Aligning Probabilistic Beliefs under Informative Missingness: LLM Steerability in Clinical Reasoning
This addresses the challenge of improving LLM reliability for clinical decision-making, though it is incremental as it builds on existing prompt-based methods.
The study tackled the problem of aligning LLMs' probabilistic beliefs with target distributions in clinical reasoning under informative missing data, finding that explicit structural steering and in-context learning improved alignment, but models did not naturally leverage missingness patterns without interventions.

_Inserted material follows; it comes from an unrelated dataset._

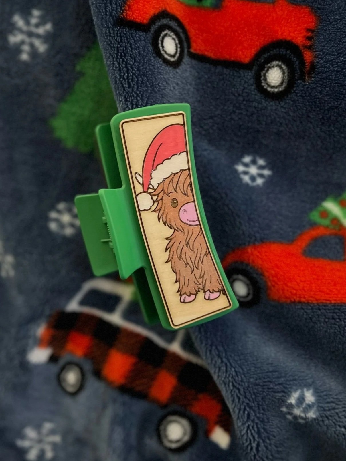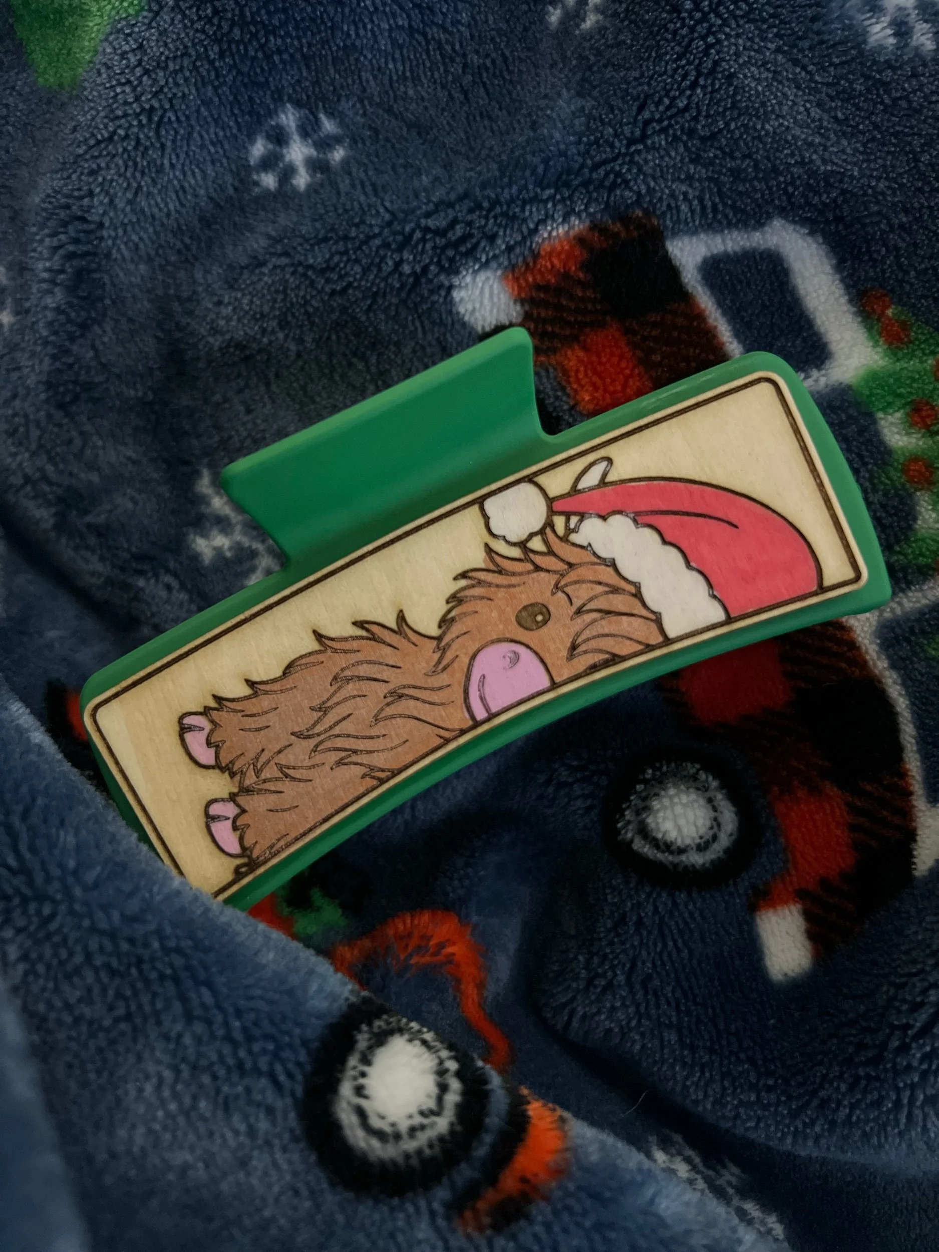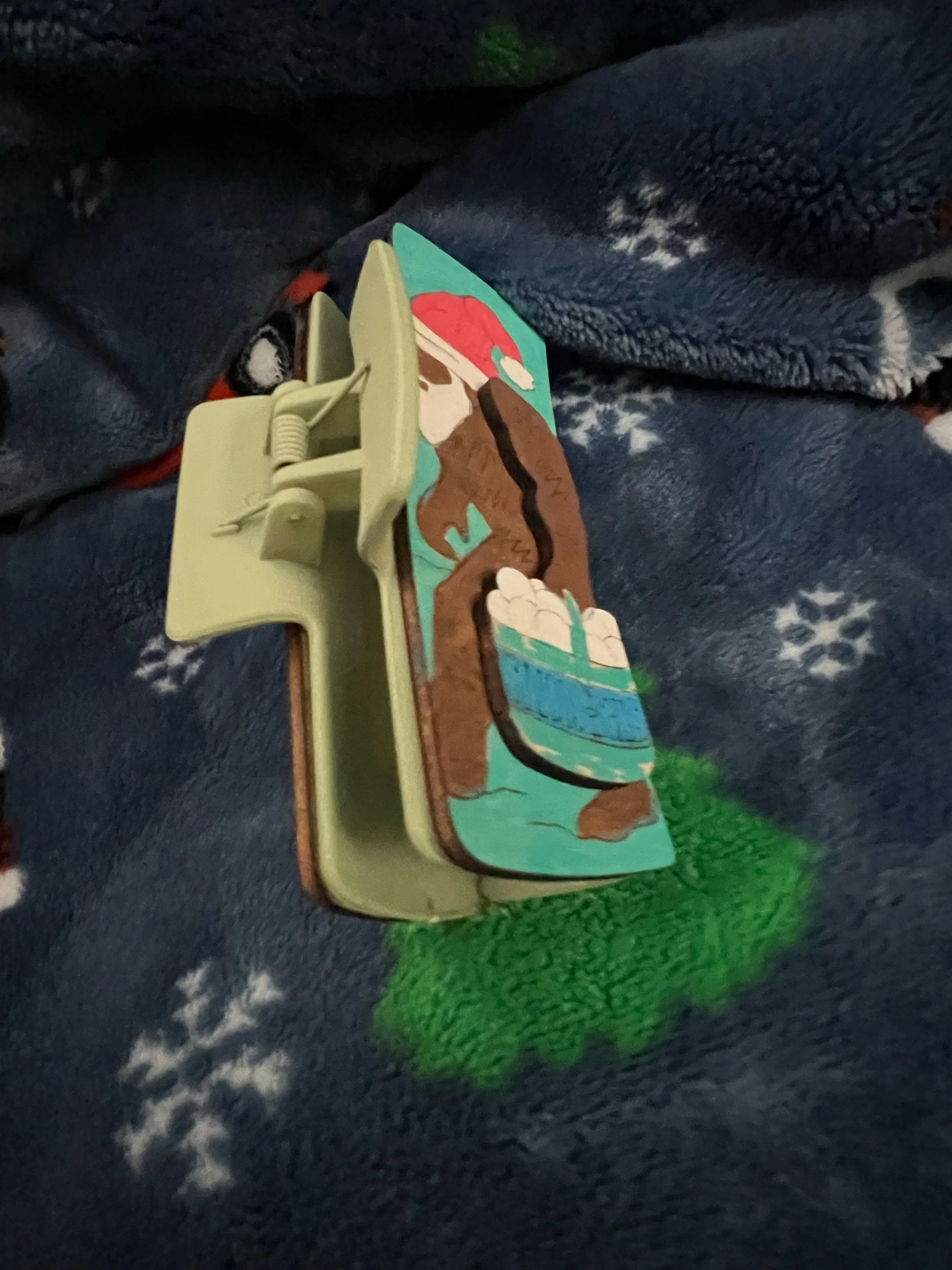 Big foot is laser engraved and hand painted onto the wood inlay on these hair clips.
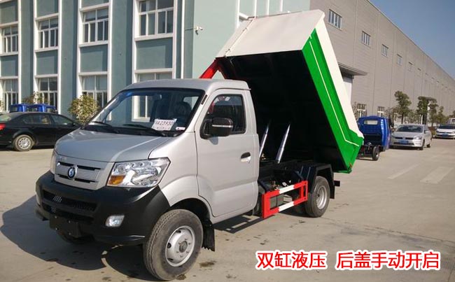 箱體容積3~4立方米,板材厚度邊3底4,箱體結構為墻板形式,國產(chǎn)多路閥,油泵、取力器、油缸,駕駛室外部操作、箱體底部雙缸液壓舉升卸料,后門機械鎖緊、手動開啟。

Large Language Models (LLMs) are increasingly deployed for clinical reasoning tasks, which inherently require eliciting calibrated probabilistic beliefs based on available evidence. However, real-world clinical data are frequently incomplete, with missingness patterns often informative of patient prognosis; for example, ordering a rare laboratory test reflects a clinician's latent suspicion. In this work, we investigate whether LLMs can be steered to leverage this informative missingness for prognostic inference. To evaluate how well LLMs align their verbalized probabilistic beliefs with an underlying target distribution, we analyze three common prompt-based interventions: explicit serialization, instruction steering, and in-context learning. We introduce a bias-variance decomposition of the log-loss to clarify the mechanisms driving gains in predictive performance. Using a real-world intensive care testbed, we find that while explicit structural steering and in-context learning can improve probabilistic alignment, the models do not natively leverage informative missingness without careful interventions.